The latest movie from Argentina is an altogether different beast from its last major offering on the international front – The Secret in Their Eyes, despite the fact that both share the same superb lead actor: the prolific Ricardo Darin. In this, Darin plays Sosa, a disgraced lawyer who spends his time wondering around A&E Departments, chasing ambulances and staging accidents to acquire clients for the insurance company he works for. Of course, the company is about as rotten as they come – stinking of corruption, insatiable greed, disgusting selfishness and thuggish violence. Sosa is essentially the good guy mixed up in this, stuck between a rock and a hard place.
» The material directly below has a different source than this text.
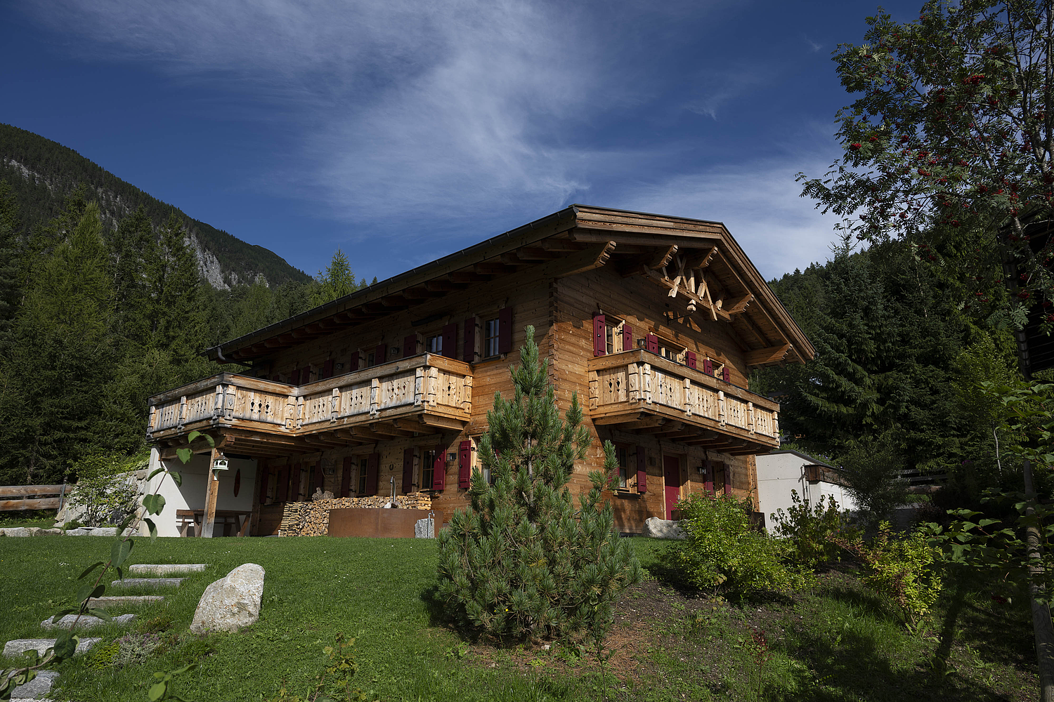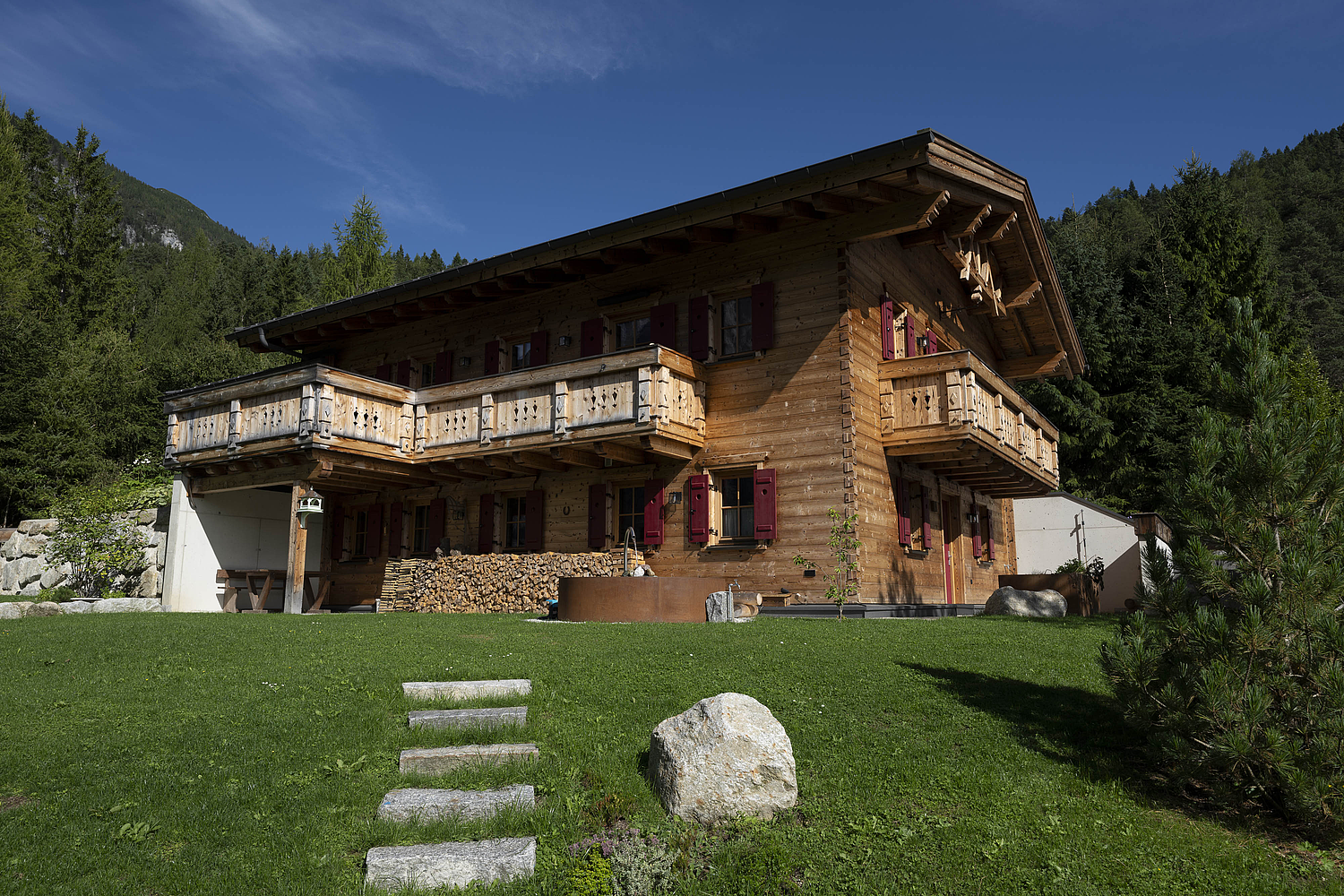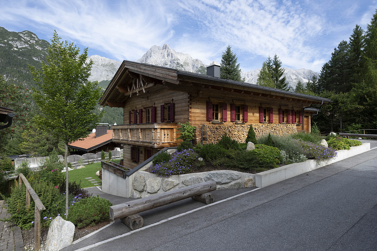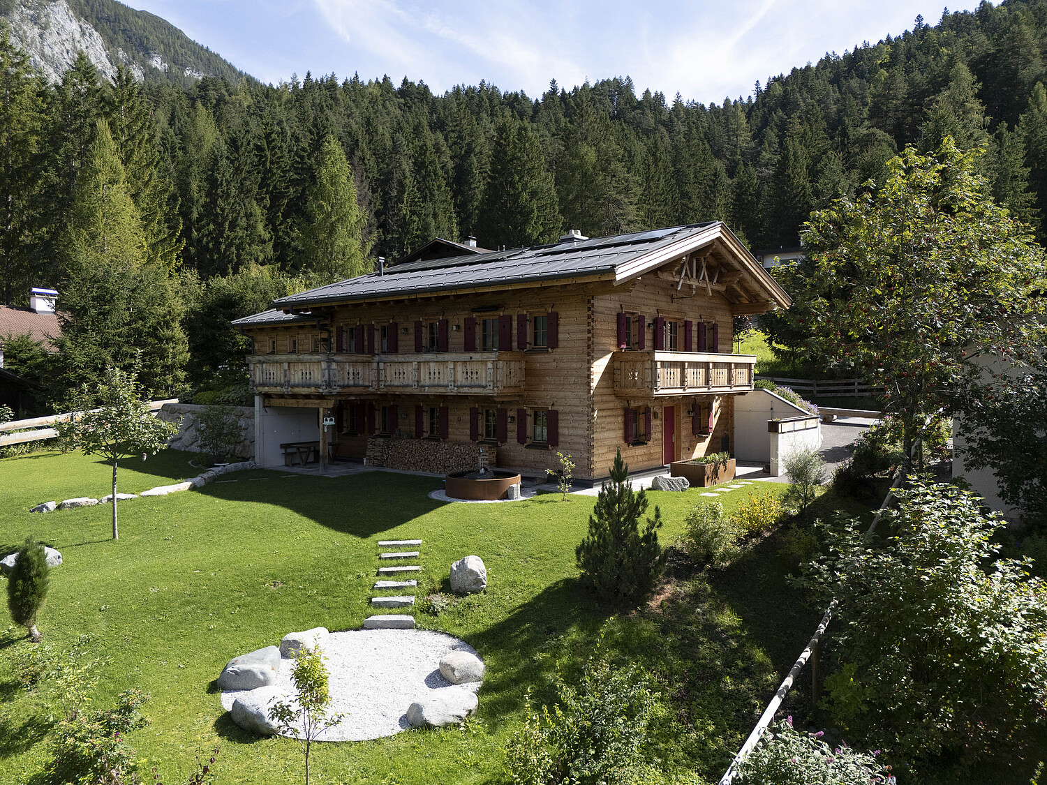 Auch konstruktiv überzeugt das Projekt durch eine durchdachte und stimmige Umsetzung. Die 120 mm starke Blockwand mit Innendämmung, die Tramdecke über dem Untergeschoss, das Blechdach sowie die Photovoltaikanlage verbinden traditionelles Bauen mit moderner Funktionalität und nachhaltiger Energieversorgung. Ergänzt durch die Garage und die präzise Einbindung in das Hanggrundstück entstand ein Wohnhaus, das handwerkliche Qualität, natürliche Ausstrahlung und langfristige Wohnqualität in besonders harmonischer Weise vereint.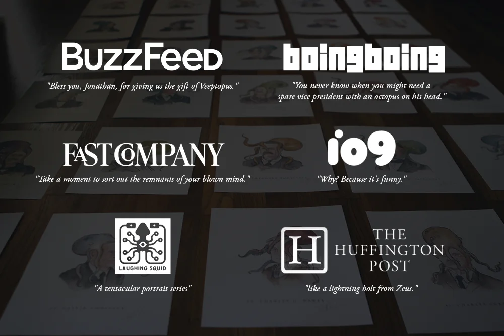 After getting laid off from a large tech company, I decided to reinvent my life in the most rational way possible: I picked up a pen and began drawing portraits of every single U.S. vice president with an octopus on his head. My insane project has been written up in BuzzFeed, Boingboing, i09, Huffington Post and other sites. For some reason, it struck a chord and a bunch of people gave me money on Kickstarter to turn my portraits into a single volume called Veeptopus: 48 Vice Presidents with Octopuses on Their Heads. Life is funny.

Then there is Lujan – the beautiful young doctor who has slowly become desensitized and cynical in her constant exhaustion and painful loneliness, alleviated only temporarily by her drug abuse. The two meet one night at the site of a car accident: Lujan wants to help the victim, Sosa wants to add him to the client list. That they fall in love is inevitable. We know it’s coming, and so this movie’s success rests largely on the chemistry between the two stars and the believability of the relationship that grows between the characters they play.

That chemistry is electric. This adjective would pretty much describe the rest of the film as well; imperfect and rough around the edges it may be, but this is intelligent, high octane entertainment at its finest. It is a dark film that blends a great depth in its thematic material with fully developed characterisation and a plot as compelling and tense as anything I’ve seen all year. The camerawork is unassuming but rigorously effective in its free-style, rough-and-ready dismissal of the glossy visuals of Hollywood; the jerky camera movements and the inspired editing accentuate the brutality of the violence we see without ever making it overly gratuitous.

Some, I’m sure, will feel that the movie ends very abruptly. Indeed it does, but I don’t see that as a flaw – the movie’s last five minutes are so scary and tense, I was literally making hand gestures at the screen, as if I could alert the protagonists about events they were unaware of. It’s been a while since I’ve embarrassed myself that much in the cinema, but it shows how effective the movie is. That Carancho ends strangely cannot be held against it; it is a great, loud and violent film noir, and (quite fittingly), it ends with a bang!